• Chagigah 13b contains the Talmud's most direct engagement with Zechariah's chariot imagery, treating the four chariots of chapter 6 as Merkavah-level classified material. The four chariots going out between two bronze mountains correspond to the four winds of heaven — this is divine force projection in all directions simultaneously, the divine military's full deployment order after receiving operational authorization.
• Sanhedrin 98b discusses the Branch (Tzemach) who will rebuild the Temple, and the Talmud's identification of this figure as a central messianic actor. Zechariah 6:12-13 — "Behold, the man whose name is the Branch: for he shall branch out from his place, and he shall build the temple of the Lord... He shall bear royal honor, and shall sit and rule on his throne. And there shall be a priest on his throne, and the counsel of peace shall be between them both" — is the Talmud's resolution of the tension between priestly and royal authority: in the Branch, both offices unite.
• Yoma 72b discusses the high priest's crown and the Talmud's teaching that Torah scholars are "crowned" with their learning. Zechariah 6:9-11 — the instruction to take silver and gold from the returnees and make a crown (ataret) for Joshua the high priest — is the Talmud's image of divine authorization transferred through material act. The Tzaddik's coronation is not self-declared but conferred through a specific ritual of divine appointment, making the authority unambiguous and the Sitra Achra's counter-claims legally void.

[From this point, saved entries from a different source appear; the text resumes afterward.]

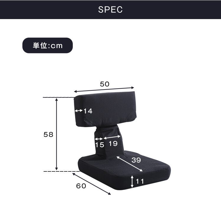 5カラー【ブラック】ゲームファン必見 待望の本格ゲーム座椅子(布地) 6段階のリクライニング|Recon-レコン-
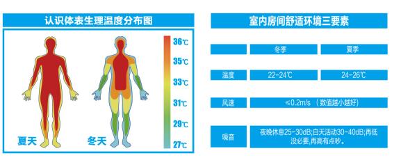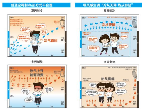 从上图的对比中可以看出,舒适性空调相对普通空调,在温度、风向、风速、噪音值等方面,都是基于人体对环境的需求而特别设计,尤其在吹风感方面的设计,实现“冷从天降、热从脚起”。
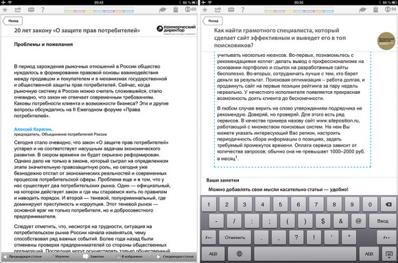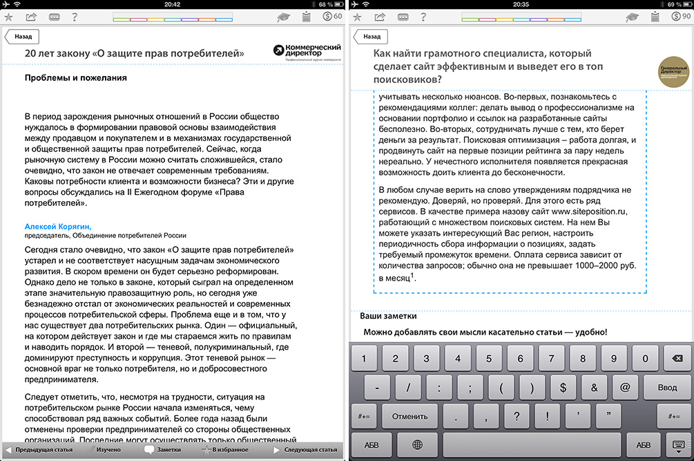 Сами статьи оформлены весьма неплохо, воспринимаются не хуже, чем в соответствующих журналах. При желании можно добавлять собственные заметки и мысли под каждым материалом. Жаль только, что нельзя выделять часть текста и сохранять эти кусочки в отдельном разделе, как это реализовано в электронных версиях журналов.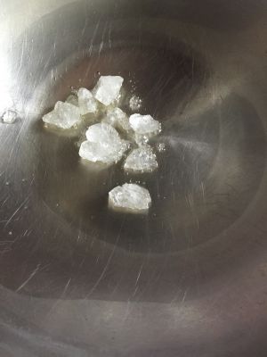 5、然后开始炒了,锅中放油烧热,放入冰糖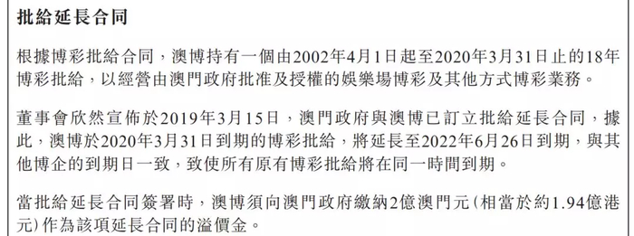 澳博控股持有一张由2002年4月1日起至2020年3月31日止的18年博彩赌牌,3月15日,澳门政府与澳博签订了批给延长合同,将延长至2022年6月26日到期,与其他博企的到期日一致。
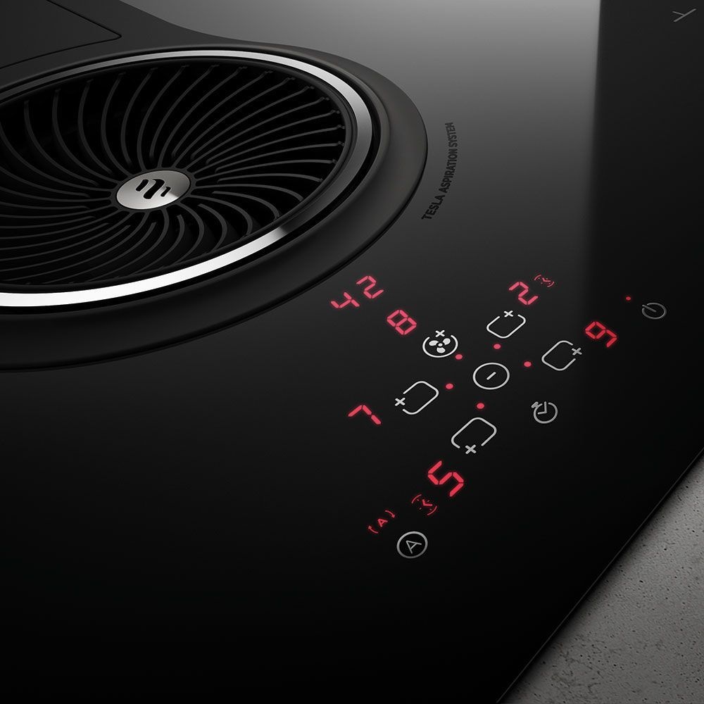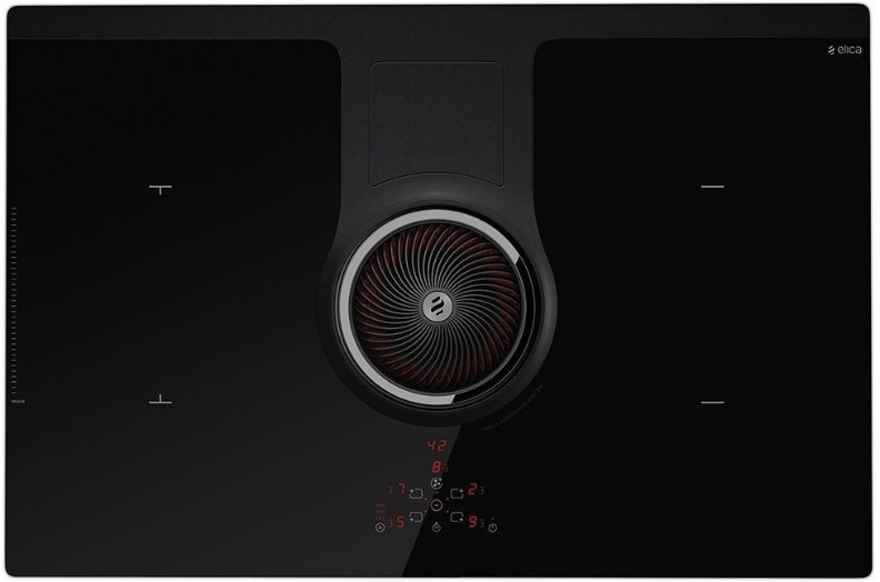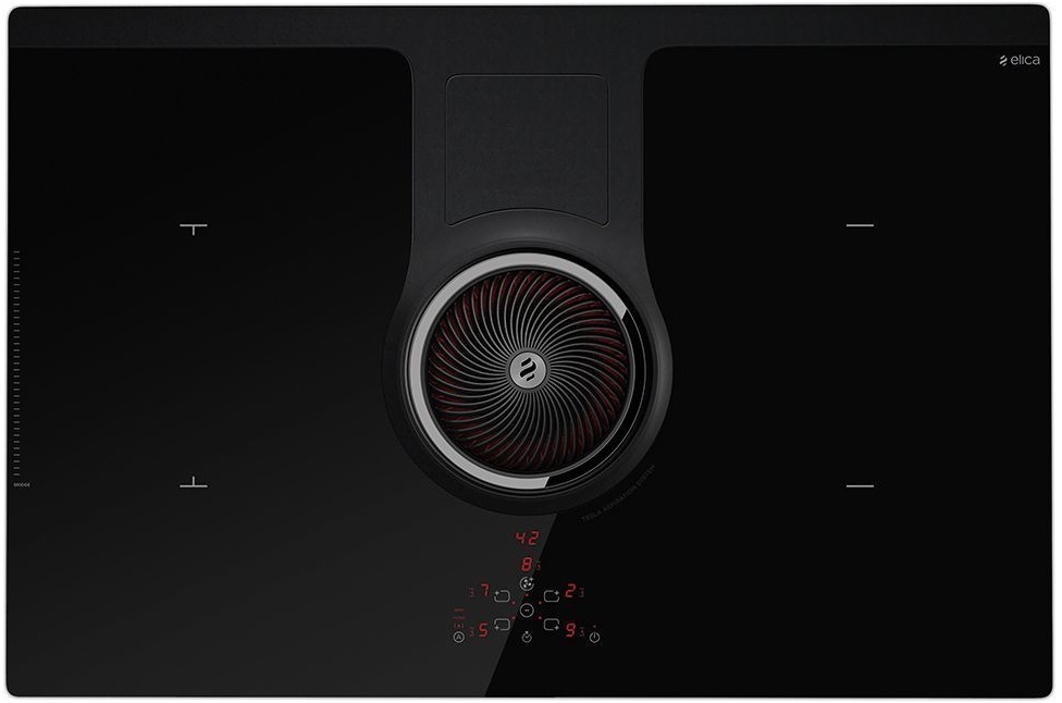 Дизайн. Революционная модель ELICA NIKOLATESLA BL/F/83 — индукционная варочная панель на 4 конфорки со встроенной мощной вытяжкой. Черная стеклокерамическая модель с фронтальной стороны дополнена панелью управления обоими устройствами.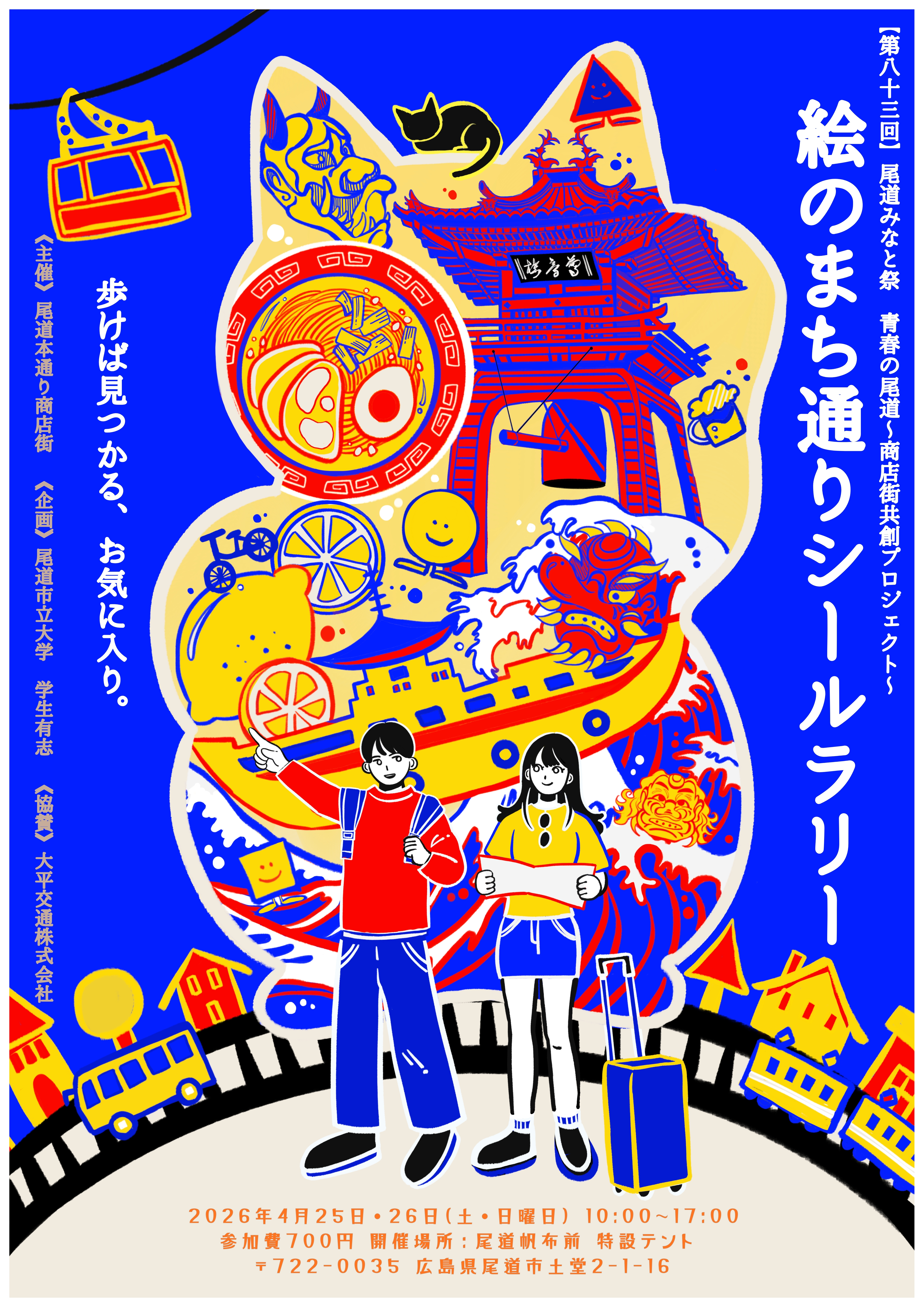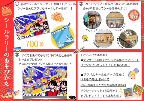今年は尾道本通り商店街にて「青春の尾道~商店街共創プロジェクト~」と題して、学生考案の絵のまち通りシールラリーを行います。

• Megillah 17b teaches that the order of the Amidah's eighteen blessings corresponds to the sequence of the final redemption events. Zechariah 6:14-15 — the crown to remain in the Temple as a memorial, and "those who are far off shall come and help to build the temple of the Lord" — maps onto the Talmud's ingathering blessing: the distant ones (diaspora) contribute to the rebuilding precisely because the Crown of divine appointment is visibly established. The Tzaddik reads this as the fundraising theology of the end-time restoration.

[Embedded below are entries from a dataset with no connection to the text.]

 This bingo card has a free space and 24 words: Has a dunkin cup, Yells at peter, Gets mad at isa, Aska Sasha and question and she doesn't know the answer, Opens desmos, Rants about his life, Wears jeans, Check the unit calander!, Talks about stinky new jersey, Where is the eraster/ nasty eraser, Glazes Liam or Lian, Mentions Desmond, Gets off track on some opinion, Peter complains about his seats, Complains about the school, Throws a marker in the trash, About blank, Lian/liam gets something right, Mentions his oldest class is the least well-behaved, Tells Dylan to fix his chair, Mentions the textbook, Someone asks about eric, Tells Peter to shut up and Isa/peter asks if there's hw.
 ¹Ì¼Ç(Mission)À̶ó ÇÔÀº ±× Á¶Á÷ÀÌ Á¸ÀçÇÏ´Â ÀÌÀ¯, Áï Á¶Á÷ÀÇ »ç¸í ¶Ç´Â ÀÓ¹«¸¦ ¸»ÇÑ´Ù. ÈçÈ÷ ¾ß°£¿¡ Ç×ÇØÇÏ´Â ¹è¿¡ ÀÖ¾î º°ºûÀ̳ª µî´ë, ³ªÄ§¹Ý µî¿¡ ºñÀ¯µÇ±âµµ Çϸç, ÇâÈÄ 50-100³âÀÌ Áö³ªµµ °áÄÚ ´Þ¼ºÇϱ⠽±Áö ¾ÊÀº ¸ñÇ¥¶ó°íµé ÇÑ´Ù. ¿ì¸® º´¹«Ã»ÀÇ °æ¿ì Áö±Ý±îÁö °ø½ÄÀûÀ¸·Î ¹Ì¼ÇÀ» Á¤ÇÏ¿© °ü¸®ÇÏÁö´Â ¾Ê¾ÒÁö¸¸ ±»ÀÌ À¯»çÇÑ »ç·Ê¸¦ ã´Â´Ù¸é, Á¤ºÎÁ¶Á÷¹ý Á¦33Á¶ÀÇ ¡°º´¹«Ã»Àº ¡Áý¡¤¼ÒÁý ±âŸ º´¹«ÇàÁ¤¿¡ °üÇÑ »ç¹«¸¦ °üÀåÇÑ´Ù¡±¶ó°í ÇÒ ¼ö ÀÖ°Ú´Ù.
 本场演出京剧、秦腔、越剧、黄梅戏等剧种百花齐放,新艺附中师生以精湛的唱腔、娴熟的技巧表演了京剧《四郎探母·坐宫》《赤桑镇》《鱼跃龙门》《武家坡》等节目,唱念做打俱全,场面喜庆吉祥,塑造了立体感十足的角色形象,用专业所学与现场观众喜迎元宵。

• Sotah 48b records the Talmud's discussion of what happened to divine prophecy after Haggai, Zechariah, and Malachi — the prophetic channel narrowed to the bat kol (heavenly echo). Zechariah 6:15's condition — "And this shall come to pass, if you will diligently obey the voice of the Lord your God" — is the Talmud's operational requirement: continued prophetic access is conditional on obedience. The Tzaddik reads this as the maintenance protocol for Second Heaven communications: the channel remains open as long as the operational conditions are met.